Musings on my thrift store obsession.

I have summers off. Which is AWESOME. Seriously, why aren’t we all public school employees? (Oh, wait, I’m remembering our last staff meeting and all the bureaucratic crap involved with working for a big school district. Never mind.) This summer I got into the habit of hittingĀ  thrift stores on a regular basis. Like, every day. And, if I’m being honest, which is necessary when you’re admitting that you have a problem, there were a few times that I hit one thrift store TWICE in one day. And I realized that to get the really good stuff, you have to be that vigilant and regular. Here’s something I found when I was making regular rounds to the Salvation Army in my neighborhood:

clockIt’s a19th century or early 20th century Ansonia clock. It was thrown in a shopping cart, along with a lot of other crap that was about to be put out on the shelves. It was marked $4.95. Honestly, I felt like a thief as I scurried up to the register with it cradled in my arms. I mean, it’s not my style, and the color is ridiculous, but I’m capable of appreciating its beauty even if it’s not quite to my taste. The inner workings were broken (the clock didn’t work) but the housing was perfect — just in stunning shape, which is really rare for my stupid neighborhood Salvation Army, who consistently enrages me by breaking things as they’re shelving them. Seriously, if I see one more awesome cookie jar whose lid was broken by a lazy employee I might scream. I ended up selling this on eBay for over $300. Had I not been in the store at that exact moment, I would have missed out on it! Which was the real beginnings of my thrift store obsession — I just can’t help but think about what I’m missing out on at any given moment. I do that at yard sales, too — if I hit a really good one late in the morning, I can’t be 100% happy with my scores because I can’t stop thinking about what I’ve missed out on!

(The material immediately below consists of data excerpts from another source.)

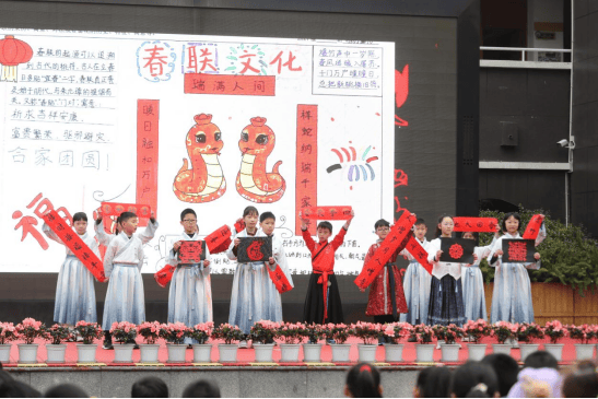成都市龙祥路小学的学子们通过视频了解十二生肖中蛇的文化含义,在书法展示里感受蛇与艺术的交融,通过情景剧、相声等形式生动演绎蛇年故事并分享感悟。开学典礼以蛇蜕皮寓意成长蜕变,激励学生在新学期勇攀高峰,用智慧与勇气书写新篇章。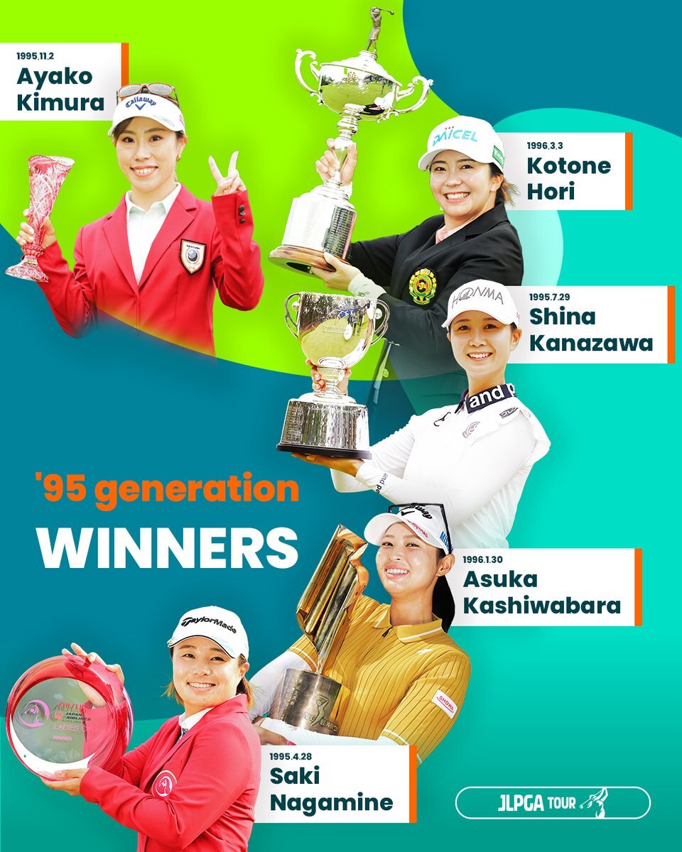 今季のJLPGAツアーを牽引する「95年世代」🏆 #木村彩子(@aykhrkyk) #堀琴音(@kotone_133) #金澤志奈 #柏原明日架 #永峰咲希 黄金・プラチナ・ダイヤモンドに続く、 この世代の“呼び名”は?✨ #JLPGA pic.x.com/ECnkRwCC3M
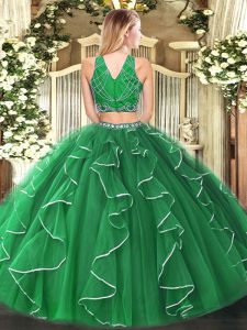 Deluxe Beading and Ruffles Quince Ball Gowns Olive Green Zipper Sleeveless Floor Length
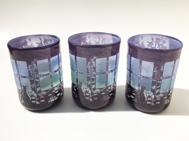 ※ご入金後、ご注文が確定した事をお知らせする詳細のメールが自動で届きます。届かない場合はこのSHOP上(BASE)にてお問い合わせ下さい。 納期日は作品タイトル、概要欄に書いて有ります。 ※※※※※※※ 個展やイベントでしか販売されない多層パウダー被せ(5色)という技法の作品です。 制作に時間がかかる為、少数限定となり真っ先に売切れてしまうものです。 是非この機会に。 【分類】 猫硝子 【個数 】1個 【納期 】30日(ご入金確認日より発送迄) 【技法 】宙吹き 【色 】多層パウダー被せ・・・数色のガラスパウダーを重ね、彫刻の深さによって色が変わる。 【サイズ】口径Φ75mm×H100mm(手づくりの為若干差異あり) 【猫柄 】一日千秋/帰りを待つ猫 『一日千秋』(いちじつせんしゅう)とは... 非常に待ち遠しいことの例え。 ある物事や、人が早く来てほしいと願う想いが非常に強いこと。 一日が千年もの様に長く思われる程の意味から。 日本に古くからある四字熟語の『一日千秋』からイメージを 膨らましデザイン。 紅葉が深まる秋の頃。 窓から御主人の帰りを待ち侘びている猫の後姿。 宵闇に満月も浮かび上がり、猫は何を想うだろうか。 このグラスを手にした瞬間から物語りは始まる。

But that’s my sickness, and there’s only so much therapy and drugs can do. There are people who actually bribe Sally employees to save the good stuff in the back for them, and there are people who show up hours early and knock on doors for yard sales, and there are people who use the Internet to find out the phone numbers of people having sales the next morning and call to see if they can show up days before — and I’m never going to be those people. I’ll sit in my car and wait ten minutes if I show up early to a sale, even if it looks like they’re ready for business. I’m just never going to have that killer instinct, even if I manage to make a business with this! And I’m okay with that. Regrets, I can live with. Rudeness, I cannot.